My guess is, that it will be an all inclusive cache and will therefore grow, to fit the L2 of all cores in CCD (in order not to effectively shrink in size compared to zen 2). This means extra 4MB, provided the L2 remains unchanged - so in total 36MB of L3 per chiplet.
As the L3 latency in Zen2 is already measurably slower than Zen+ (11ns vs 9ns) and unifying the cache will probably make it a tad worse still, I wouldn't rule out L2 being enlarged to compensate it, so 1MB L1 per core + 40MB L3 per Chiplet is also a (less likely) possibility.
If one is to believe the ~15% IPC gain rumors, I think the entire cache hierarchy will be redesigned as the unification of L3 is a major redesign anyway. My (somewhat wild and wishful) predictions for Milan memory hierarchy
in that case are:
- Memory Compression for chiplet-to-chiplet communication at least on server (probably configurable in BIOS).

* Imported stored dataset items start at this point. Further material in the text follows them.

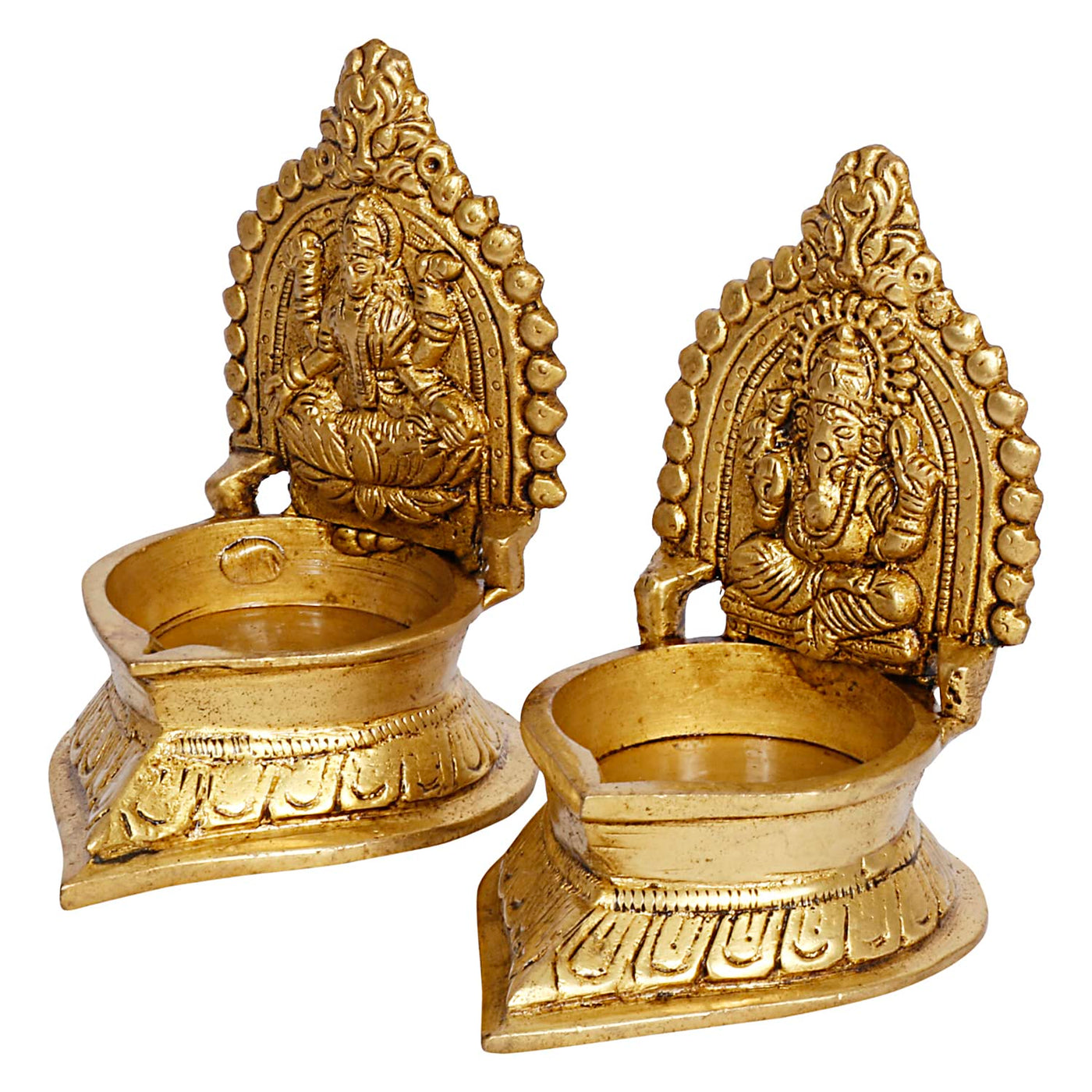 Brass Lakshmi Ganesh Pair Diya for Pooja/ Diwali/ Gift Item
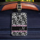 Eine elegante Art zu reisen - mit schwarz-weißen Damasken. Fügen Sie Ihren Namen oder Monogramm auf der Vorderseite hinzu.
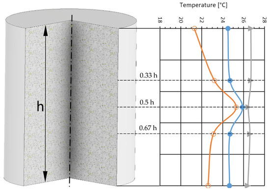 Comparing the results in Figure 3, Figure 4 and Figure 5, it can be seen that for materials M1–M3, the highest temperature on the external surface was at the center of the top surface and the lowest at the edges. In contrast, for material M4, the highest surface temperature was not at the center. The most significant difference in surface temperature between the center and edges was 2.1 °C for material M4, and the smallest was 0.6 °C for M3. The total difference between the highest and lowest temperatures on the external surface was 9.3 °C for M4, 2.4 °C for M2, 1.9 °C for M1, and 1.4 °C for M3.

They have issued patents for it a while a go and it would save considerable amount of power (in EPYC and Threadripper) that could be used in the core-chiplets instead of it being wasted transporting data.

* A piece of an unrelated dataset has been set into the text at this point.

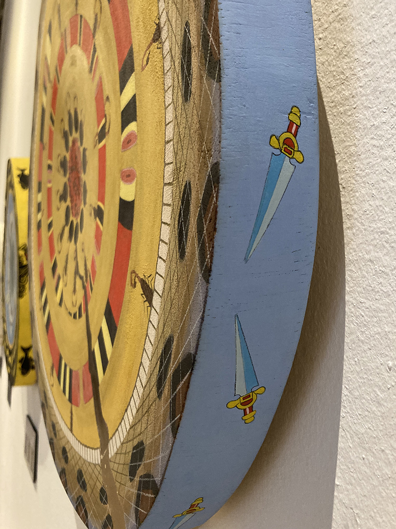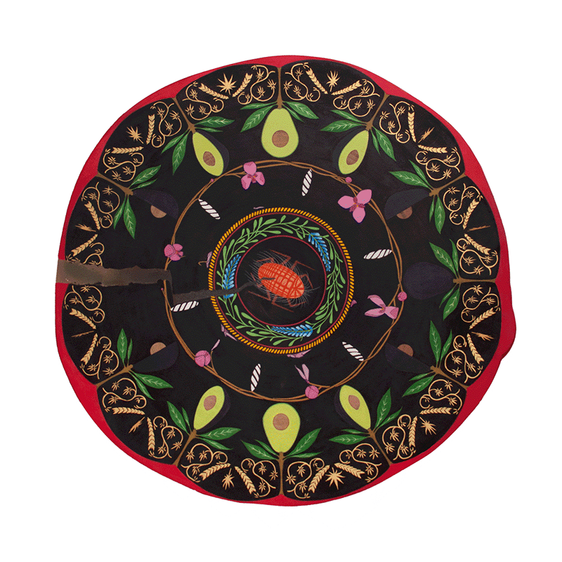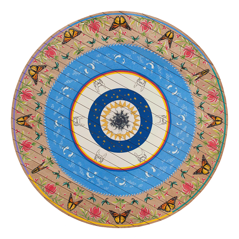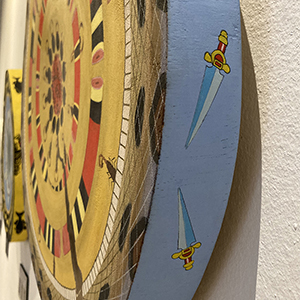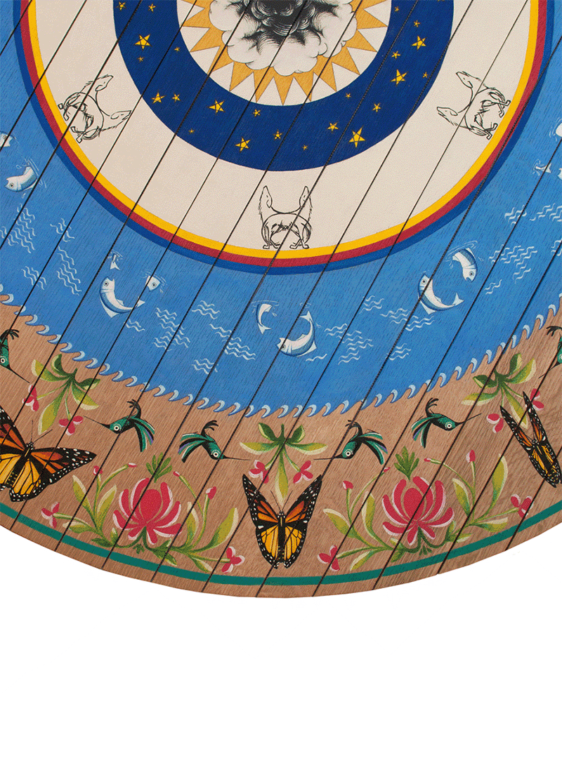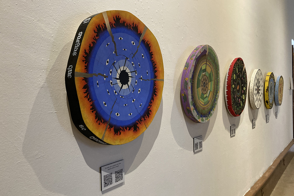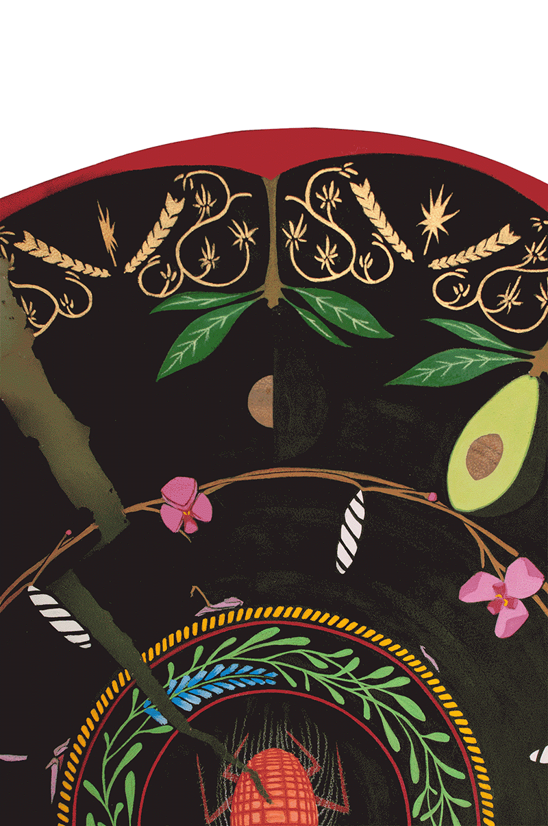 Artistic commission for the XIV FEMSA Biennial Inestimable azar, which consisted of the production of a series of 12 paintings in gouache on broken slices of huanacaxtle (or parota) wood, whose surface, slightly concave as trays - or bateas: popular ornamental plates-, contained contemporary stories of conflict from the Michoacán region in concentric circles as omens with Purépecha sentences. Accompanied by a QR code, a rotating disc in motion with an animation hidden among the paintings is revealed.

- 40MB of all-inclusive L3 cache per CCD (36MB if L2 stays the same)
- 1MB of L2
- 48KB of 12-way L1 Data Cache "Ice Lake Style" (this is the least likely prediciton IMO)
- improvements to the uop cache, so that is competitively shared between SMT threads, rather than statically partitioned (effectively doubling it for lightly threaded loads).